In the traditional model, innovation takes place behind the closed doors of companies’ research departments. This has the advantage that the innovation is entirely owned by the company and can be fully exploited until its competitors catch up and introduce similar products. The disadvantage is that the company’s internal resources are likely to be much more limited than large communities of users or experts. Opening up the inner workings of products can also keep companies on the edge and avoid complacency. It reduces the risk of product development that fails to meet the customers’ taste.

In a way, open innovation is nothing new. Pharmaceutical firms, but also companies from many other industries have long worked with independent academics or specialized research companies during the research phase of the products. But these cooperations are governed by elaborate contracts with extensive disclosure and other legal agreements. The term open innovation rather describes a culture of opening up a company’s innovation process to outsiders.

A key aspect is the ownership of ideas and innovations. Businesses are often cautious of introducing open innovation, fearing that everybody can then use their ideas. In turn, outside communities and experts are also cautiously watching whether a company just tries to use them to outsource its research efforts and not pay for it. For example in software development, open licensing allows everybody to use the code that has been jointly developed and make more changes to it. Here, a company needs to calculate whether its still pays off to publish its source code. Large IT and software companies benefit when small companies develop add-on applications based on the open source code of an operating system. This makes their entire eco-system of products – others of which need to be paid for – more valuable to customers, making it less likely they will switch to competitors. One example are manufacturers of smart-phones.

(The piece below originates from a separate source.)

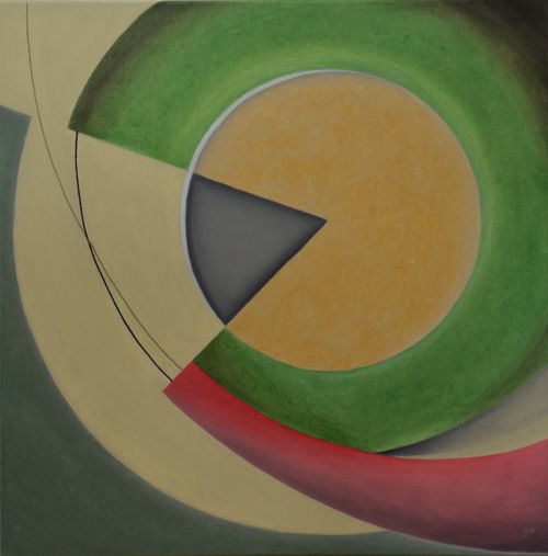 The cheese and the cut are rendered in a panoply of colors, creating a visual spectacle that draws the viewer's eye. Shades of green are especially prominent, dominating both the foreground and background and lending the work a sense of unity and cohesion with its name. The painting is not just a simple geometric study; despite its abstract nature, the piece is visually engaging, with the interplay of shapes and colors creating a dynamic visual rhythm. It allows the viewer to focus entirely on the interplay of geometric forms and color.

From a business perspective, open innovation might not make sense for each and every product that a company has in its portfolio. This is particularly true in the wide range of companies between small start-ups that often bet on open innovation and large corporations that have the cloud to attract additional business onto their open benchmark platforms. A product might be so far ahead of the competition that publishing its inner workings might only help the competition catch up. Not all products are equally suitable for outside input: Everybody can say whether he likes the design of a consumer product and give feedback on teething problems that the manufacturer can then solve as the product cycle evolves. But when pharmaceutical companies publish their research findings in areas where they got stuck, still only a few outside experts might have the knowledge required to advance the research.

There are many shades in between these two extremes. But the decision whether or not to introduce open innovation to a company’s business model in many cases still does not depend on a cool-headed answer to the simple question: what’s in it for my business? In many cases the decision is still influenced by a culture that places guarding one’s knowledge above a broad-based innovation process.